Dalam tulisan ini saya tak hendak membahas perdebatan dan perseteruan antarkubu pendukung kedua film itu. Saya sendiri belum menonton film salah satunya.Â
Ini khusus tentang menulis. Bahwa seorang penulis yang spesialis memang relatif lebih mudah dikenali dan diakui bobot tulisannya, bahkan mungkin dinanti-nantikan daripada penulis "dadakan". Lalu, apakah spesialis itu sangat penting untuk pemosisian jenama (bahasa Inggrisnya: personal branding) penulis di bidang tertentu?

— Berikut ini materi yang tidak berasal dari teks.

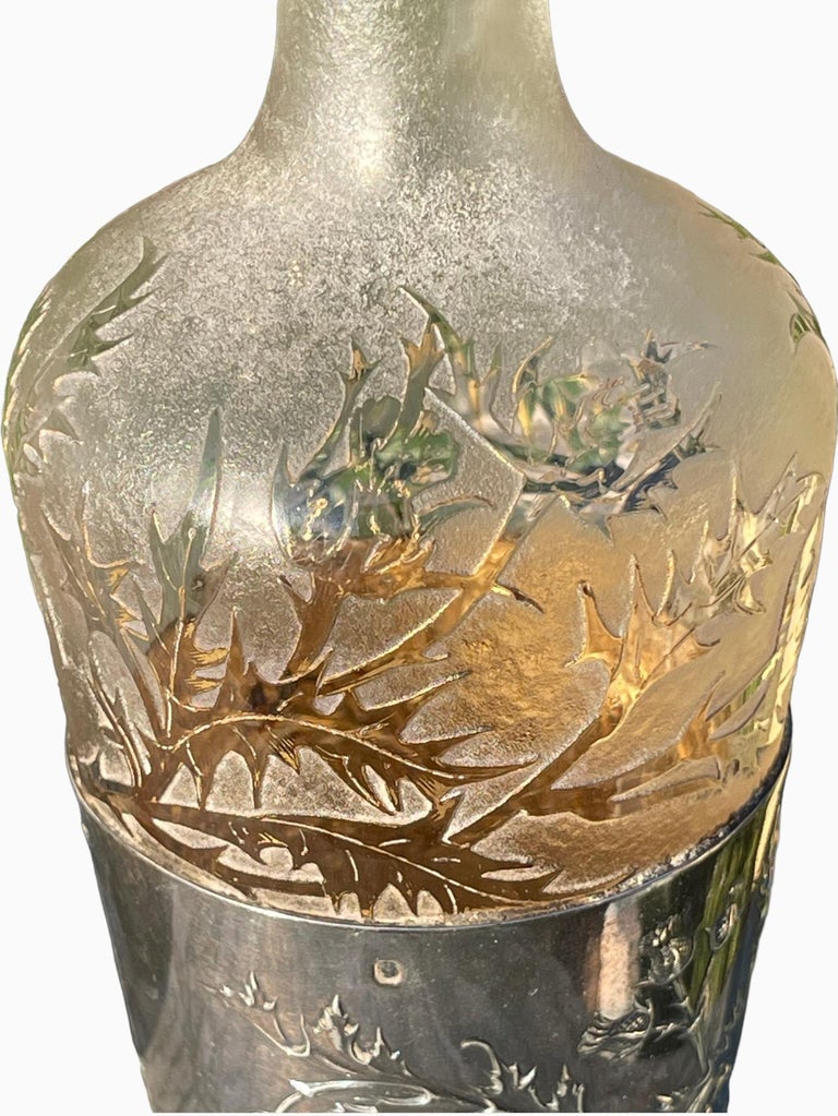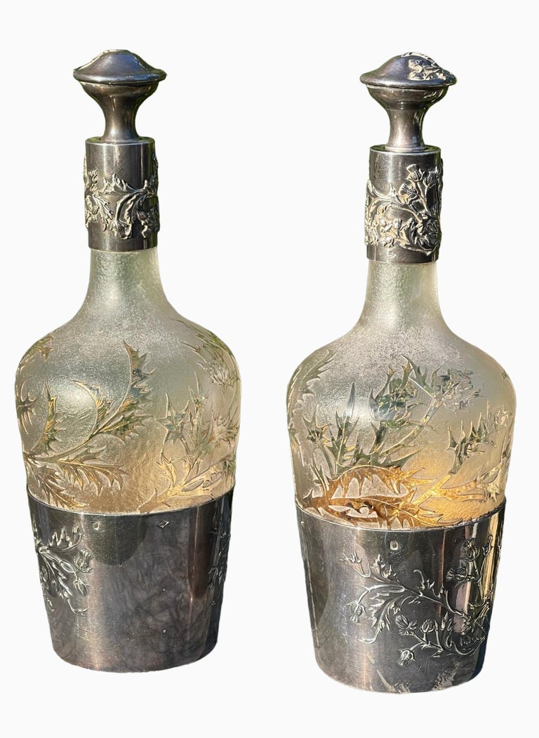 Lovely pair of silver decanters (neck brace hallmark) and crystal. These objects can. Art Nouveau Daum Nancy, Pair of Silver & Crystal Carafes For Sale.

Saya mengutip dulu empat paragraf esai "Kesatria" karya Mahbud Djunaidi berikut ini yang tak pelak mengundang senyum.
Sejak muda saya tidak pernah bisa bermain bola. Ini membuat perasaan rendah diri, seakan-akan kaki saya cuma sebelah. Seringkali saya duduk termenung di tepi lapangan, terheran-heran mengenang nasib. Kadangkala ada juga teman yang berbaik hati mengajak partisipasi. Tentu saja bukan ikut main, melainkan dipersilakan jaga sepeda.
Orang sekarang tentu menyebut ajakan itu bukan partisipasi, melainkan mobilisasi, tapi saya tidak ambil pusing. Sudah jadi adat dunia barangkali, sebagian kebanyakan dan sebagian lagi kesedikitan. Melawan ini berarti melawan status-quo, mengusik ketenteraman.
Kekurangan saya itu terbawa terus hingga hari ini, termasuk ke dunia tulis-menulis. Selaku penulis, saya ini generalis, bukan spesialis. Saya menulis ihwal apa saja yang lewat di depan mata. Persis tukang loak yang menjual apa saja yang bisa dipikul. Sebetulnya, saya ini ingin meningkat jadi penulis spesialis, seperti seorang kenalan yang khusus menulis bidang pajak. Begitu seringnya ia menulis ihwal pajak, bukan saja para pembacanya muak dan gelisah, tapi juga kenalan saya itu menjadi senewen.
Meskipun Mahbud mengaku sebagai generalis, namanya sebagai sastrawan dan jurnalis era 1960-an melambung dan menancap di benak para penulis kawakan Indonesia. Ia disebut pendekar pena dengan kemampuan serbabisa dalam hal menulis hingga Presiden Soekarno pun sangat terkesan dengannya. Mahbud dikenal menulis esai dengan gaya satire dan humor yang kental.
Ia mampu menghubungkan sesuatu yang tidak ada hubungannya menjadi berkait erat. Itulah kehebatan seorang penulis apabila diberi kapling untuk menata kata dan membangun rumah wacana. Ia menjadi arsitek sekaligus pengembang yang membuat rumah memikat.